Le settimane passavano e, oltre al tenore degli sms, mutava anche il rapporto tra Nightbird – anzi, Blaine – e Kurt: da “partner” nella ricerca di informazioni sul criminale che aveva conquistato Metrocity senza concedere a nessuno di conoscere quale destino era intenzionato a riservarle, grazie alle ore in biblioteca, erano passati a Blaine che arrivava ogni pomeriggio con caffè per entrambi; e quando al museo di Metroman li avevano quasi cacciati perchè stavano fondamentalmente facendo merenda con il caffè ed i biscotti portati da Kurt, avevano ripiegato su un cafè in quella zona.

Poi, con l’andare dei giorni, la permanenza nel cafè, che non imponeva di doversi esprimere solo a bisbigli, aveva iniziato a pareggiare quella del museo; e poi erano arrivati i primi inviti a casa di Kurt (Purtroppo ho un coinquilino che tiene la casa un disastro, un lavoro da bibliotecario non paga così tanto da poterlo cacciare fuori e affittare un’impresa di pulizie per bonificare la casa, era la giustificazione di Blaine), perchè Nightbird era completamente affascinato dalla cucina domestica: Cooper non cucinava e vivevano praticamente di take away da quando aveva memoria, e lui fissava rapito come roba random, messa insieme, desse delle reazioni chimiche del genere.

– Cielo, Blaine, capisco la tua ossessione per la chimica e la meccanica, ma non chiamare la mia red velvetreazione chimica, potrebbe offendersi e vendicarsi sul tuo stomaco – rise Kurt, la prima volta che gli ebbe spiegato perché, oltre al lievito chimico, stava usando il bicarbonato e l’aceto di mele.

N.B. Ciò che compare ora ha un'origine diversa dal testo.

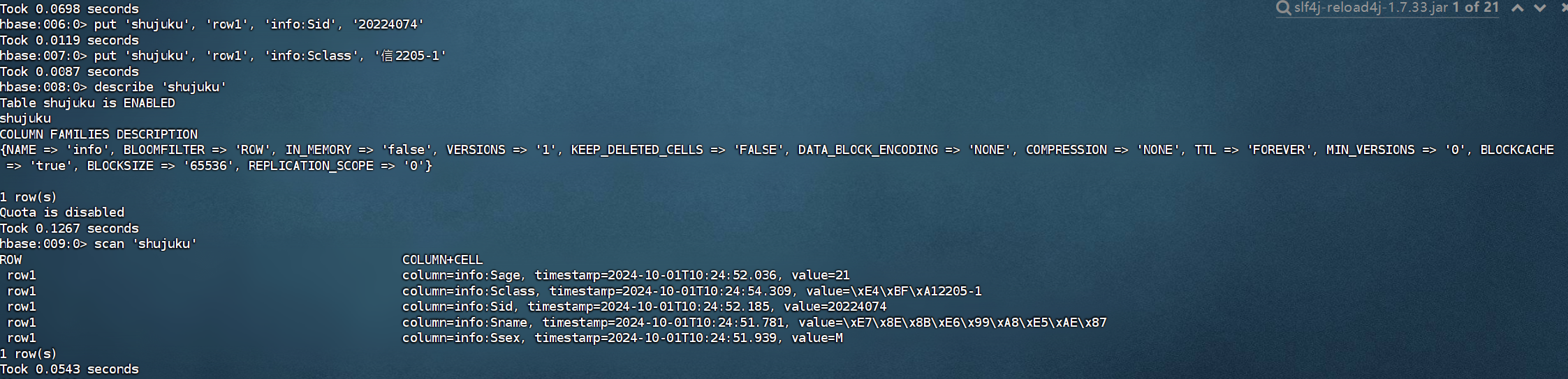 16. (选做题, 10分)安装HBase,并用create命令创建一个“shujuku”表,属性有:Sname,Ssex,Sage,Sid,Sclass,并添加自己的真实姓名,性别,年龄,学号,班级数据,通过describe命令查看“shujuku”表的基本信息,请截图展示。
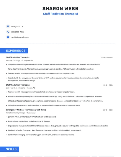 Build a professional staff radiation therapist resume in minutes. Browse through our resume examples to identify the best way to word your resume. Then choose from 5+ resume templates to create your staff radiation therapist resume.
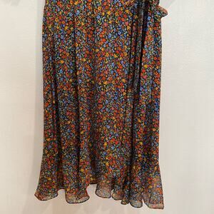 Size 4 black floral midi faux wrap dress by Tommy Hilfiger in excellent preowned condition.
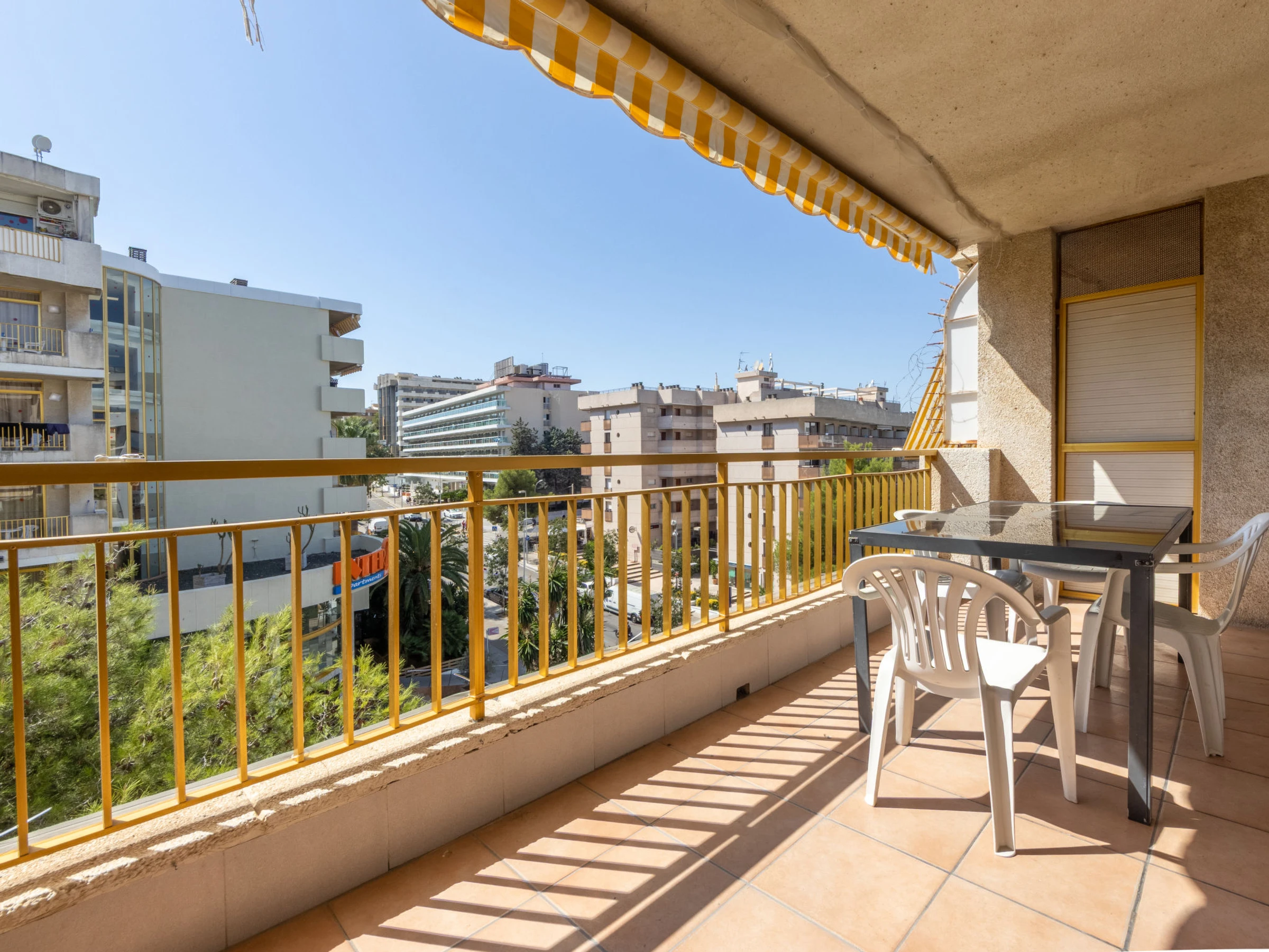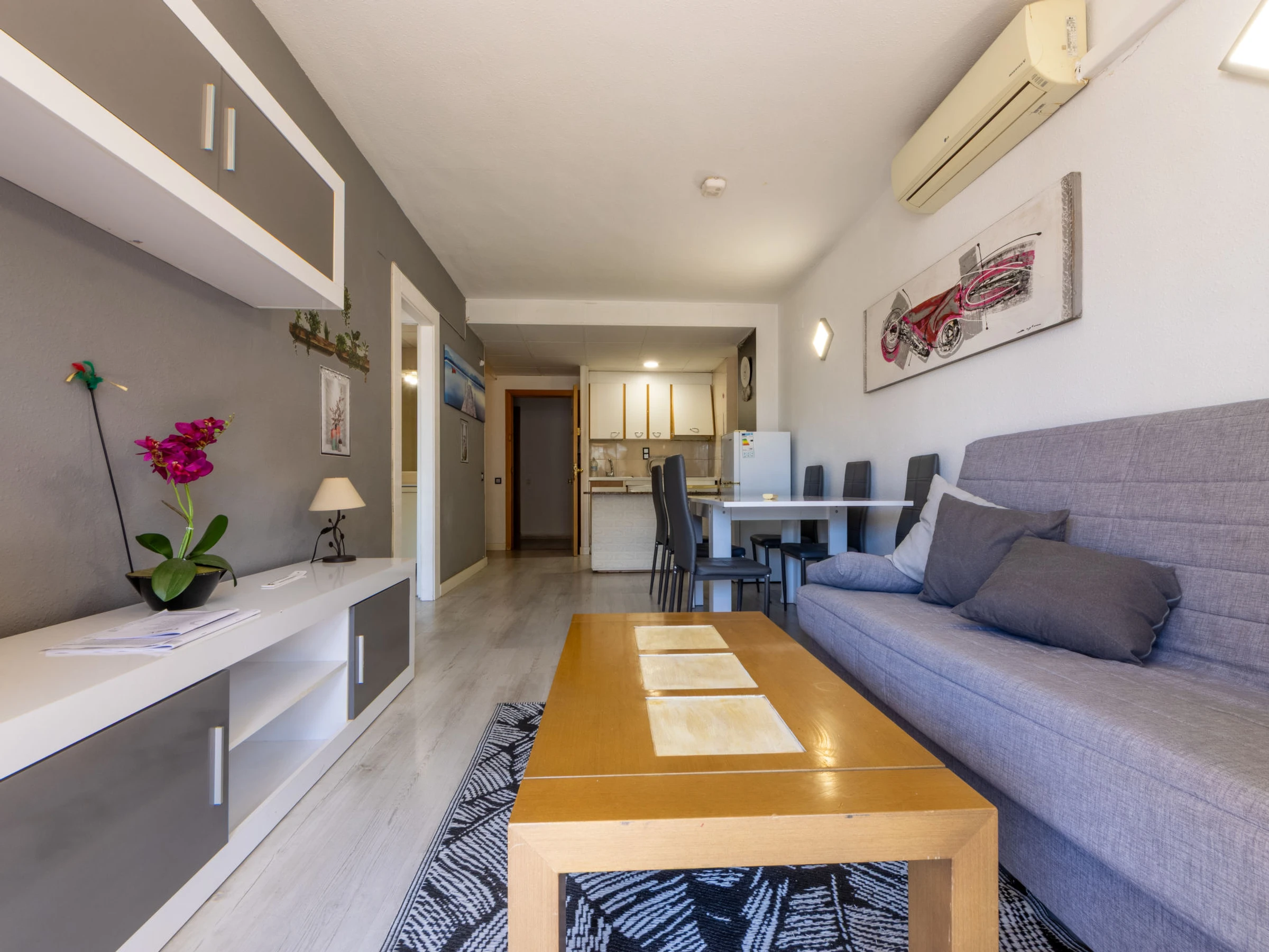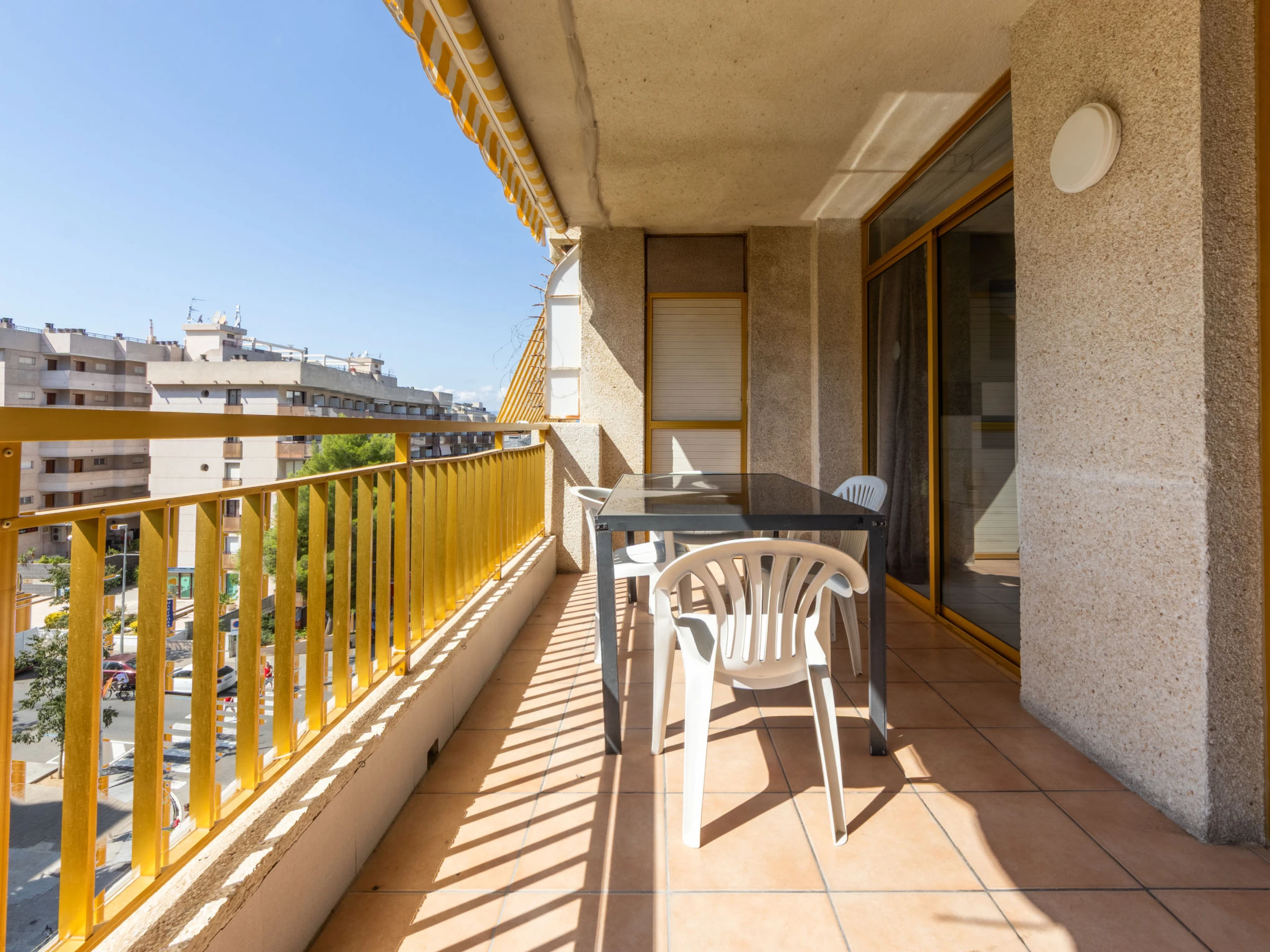 "Catalunya 92", 3-room apartment 47 m2. Object suitable for 2 adults + 2 children. Living/dining room with digital TV. 1 room with 1 french bed (150 cm, length 190 cm). Exit to the terrace. 1 room with 1 x 2 bunk beds (90 cm, length 190 cm). Open kitchen (oven, 2 ceramic glass hob hotplates, kettle, microwave, electric coffee machine). Bath/WC. Air-conditioning, forced-air heating, boiler (80 litres). Terrace furniture. View of the swimming pool. Facilities: washing machine, iron, hair dryer. Internet (WiFi, free). Please note: non-smokers only. [hidden]
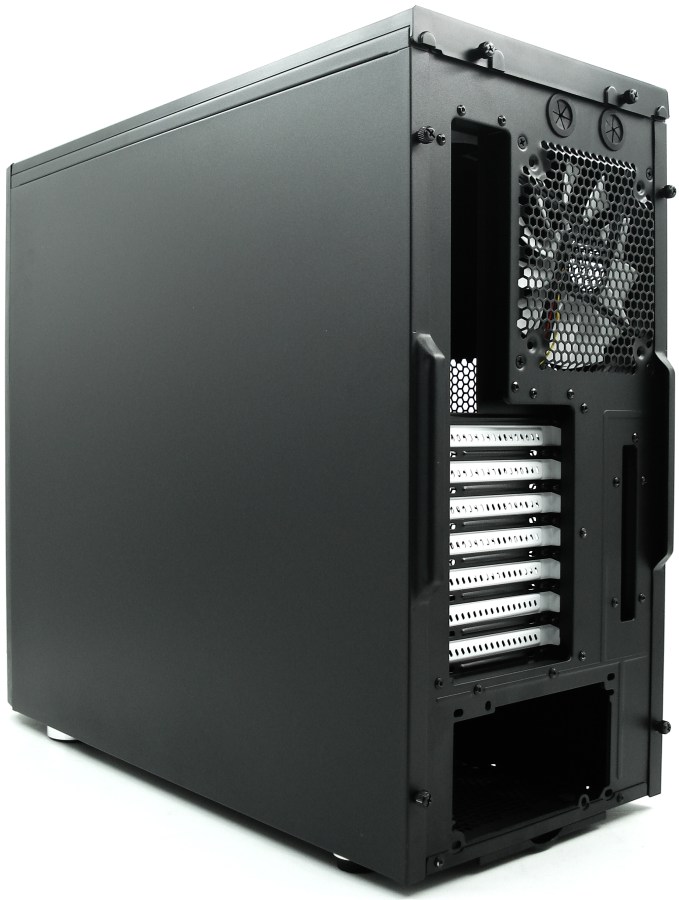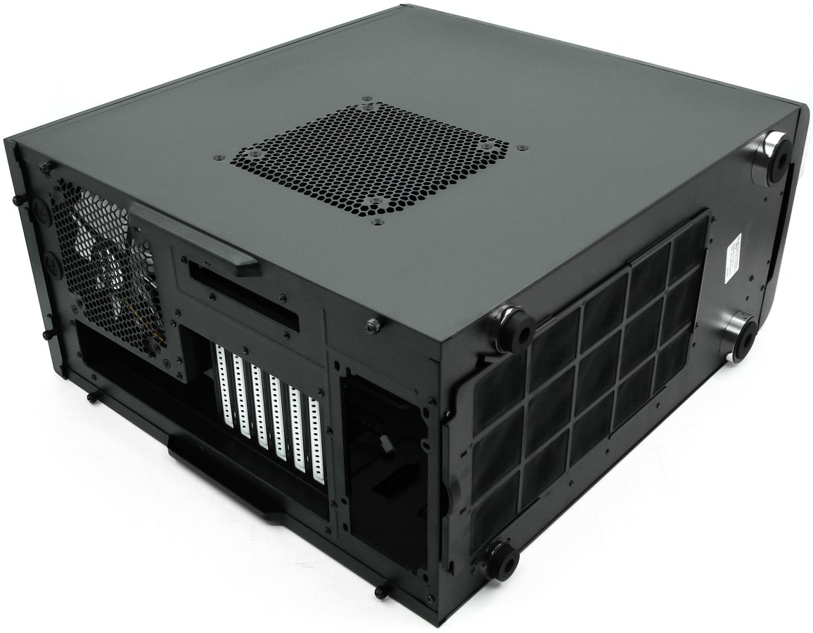 La parte trasera se ha aprovechado al máximo, incluida la zona vertical de todo el recorrido en altura de las placas traseras PCI. La parte superior tiene 2 pasatubos para RL o también para pasar cables. Para la fuente se ha preparado un marco para antivibración. Por último tiene capacidad para un ventilador de 12/14cm. Qué lástima que el lateral izquierdo no se haya trabajado más.
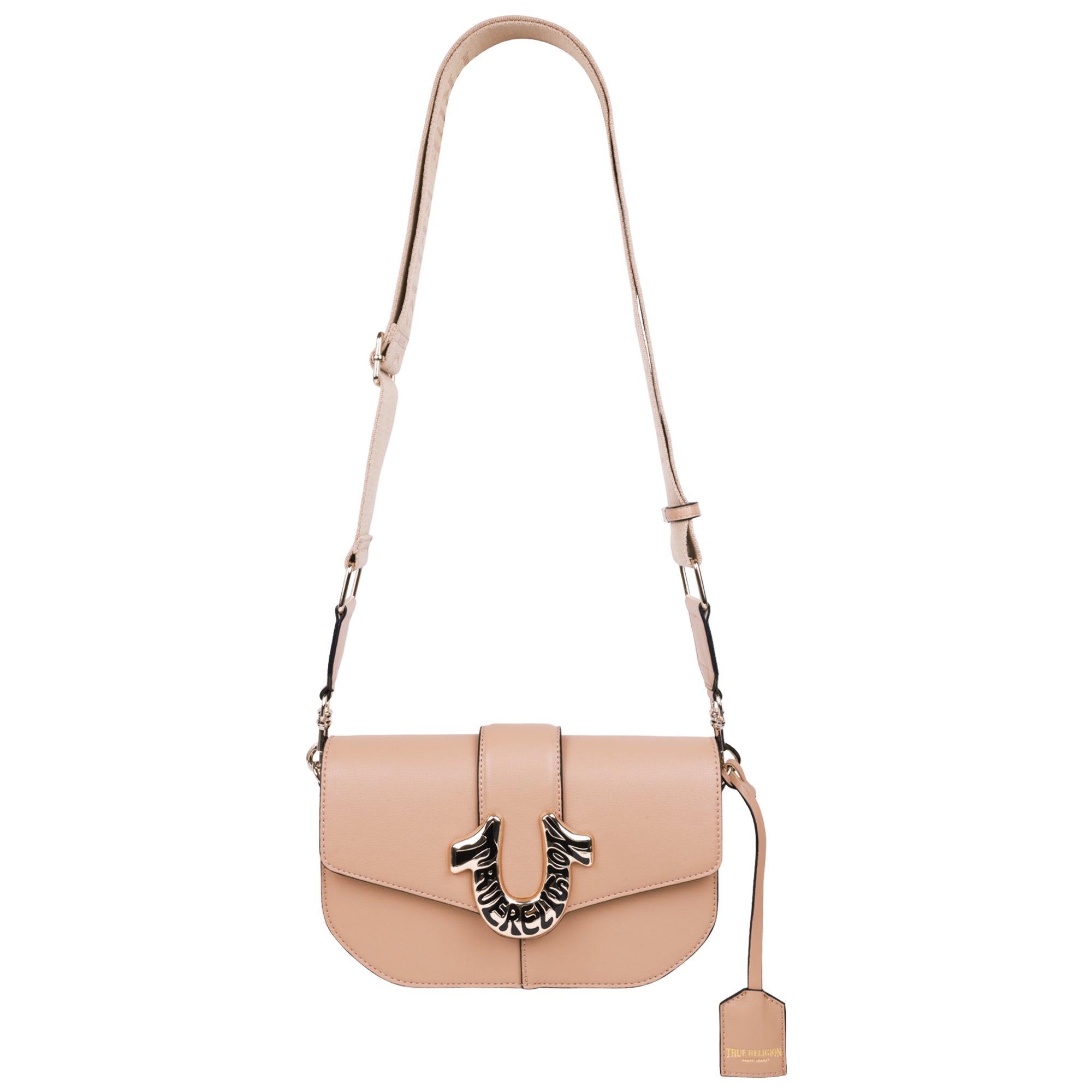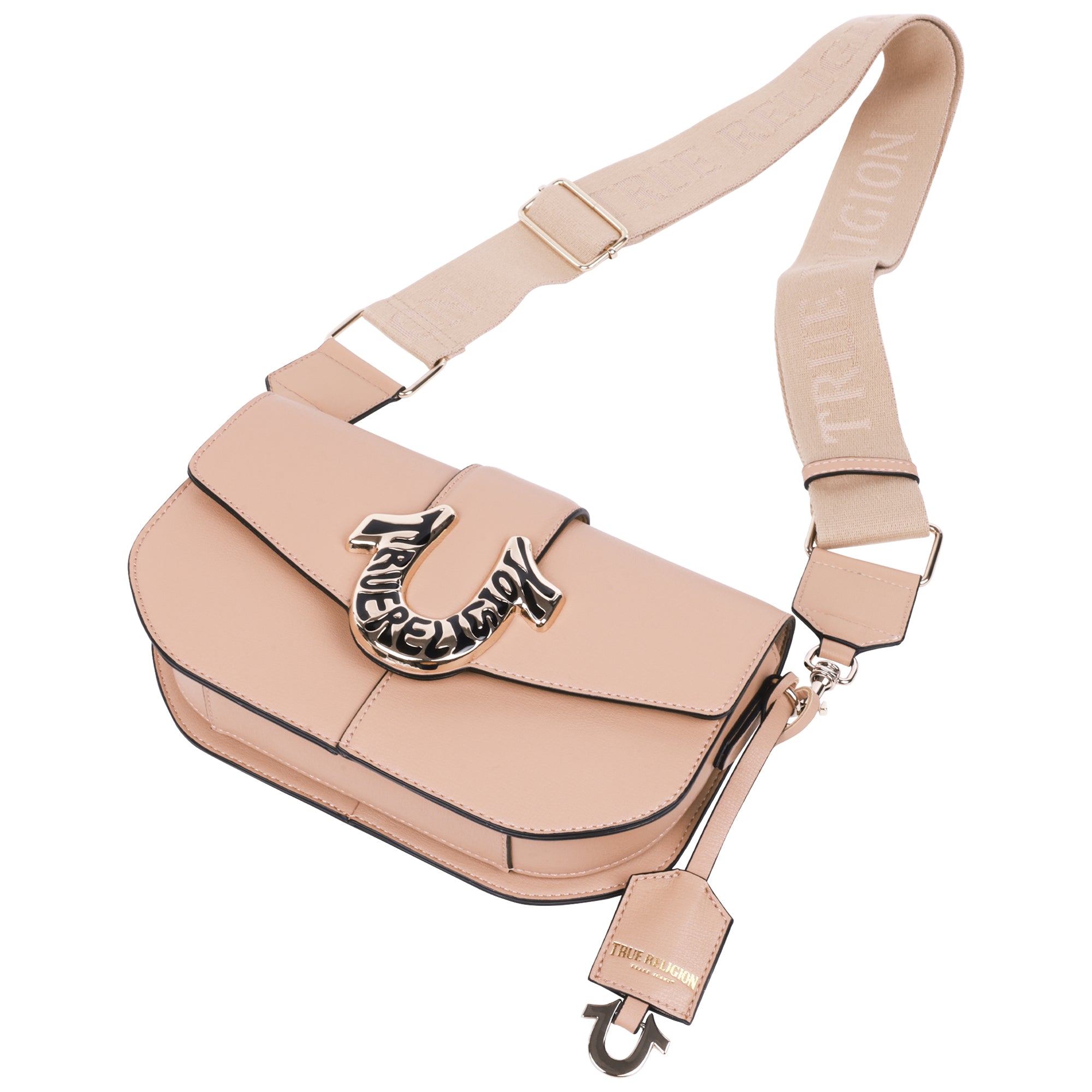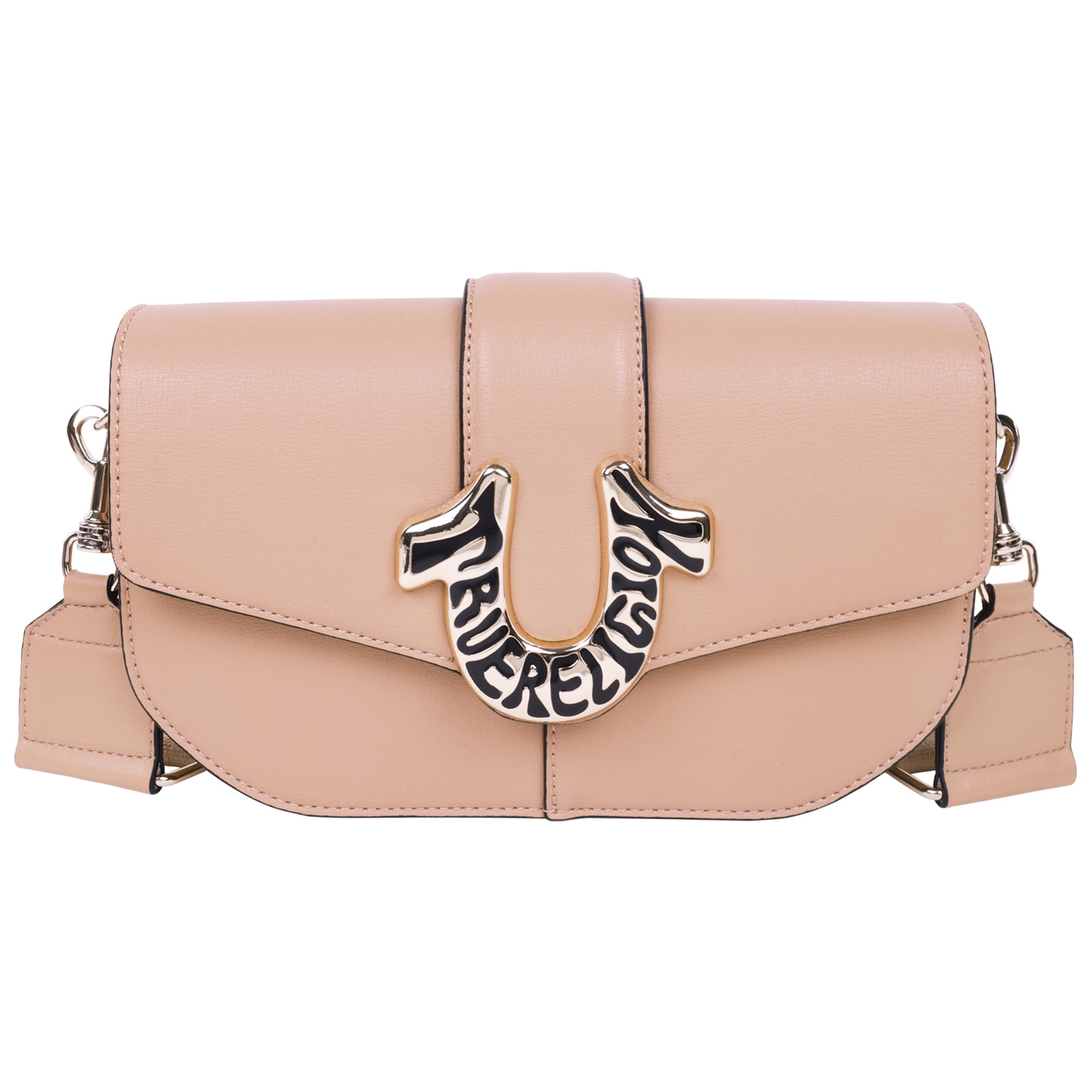 Elevate your style with this True Religion Shoulder Bag, designed with a bold horseshoe logo for a standout look. Featuring a structured design with a flap closure, this bag provides both style and functionality. The spacious interior includes a secure zippered pocket for your essentials, while the adjustable shoulder strap offers a comfortable fit. Whether you're heading to a casual outing or need a sleek accessory for your everyday routine, this bag combines modern design with iconic branding for a truly elevated finish.
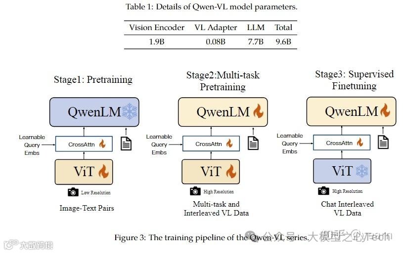 第2阶段:ViT的图像分辨率扩展到448×448,并训练ViT和投影模块的参数。它旨在进一步提升模型对复杂视觉细节的识别能力。此阶段使用的数据集包括约2500万个图像-文本对,例如LAION-400M、CLLaVA、LLaVAR、Flickr、VQAv2、RefCOCO、Visual7w等。
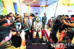 胸前貼有“翟志剛”姓名牌,左臂上一面鮮艷的五星紅旗,上月底從太空歸來的百萬造價航天服,昨天下午在重裝警備人員的護(hù)衛(wèi)下安全抵達(dá)大紅門,記者了解到,作為2008北京大紅門國際服裝節(jié)的重要展品,這件寶貝今起至20日將與市民、觀眾“親密接觸”。

– No, non volevo offenderla, ci mancherebbe – si era affrettato a rispondere Blaine – Solo che è affascinante come della roba diventi... altro.

– Beh, la mia red velvet ti ha appena perdonato – commentò Kurt, infornando la teglia – Nessuno l’ha mai definitaaffascinante.

– Oh, lo è – rispose Nightbird senza pensare – Come te, del resto.

Il criminale non era pratico di relazioni sociali, se ne rendeva conto ogni giorno di più frequentando Kurt: rimase a fissarlo perplesso, infatti, quando l’altro chiuse il forno con un colpo secco e balzò in piedi, le guance rosse e l’aria leggermente affannata.

– Tutto bene?

– Sì! – rispose Kurt, la voce di un’ottava superiore al solito.

– Hai le guance rosse?

– Il forno! Caldo! Ho la pelle sensibile e quindi il caldo, rosso, niente di grave, nessun problema!

Nightbird lo guardò, sempre più perplesso, mentre si aggirava per la cucina con aria impacciata e raccattava roba che infilava a caso nella lavastoviglie.

– Davvero non hai mai neanche visto preparare una torta? – chiese Kurt un’ora più tardi, seduti al tavolo scassato della cucina del loft che occupava con la sua coinquilina Rachel (Fortunatamente oggi è al giornale, aveva detto il padrone di casa).

– A… a casa mia non si cucina. Cioè, non siamo capaci, è più facile comprare tutto già fatto.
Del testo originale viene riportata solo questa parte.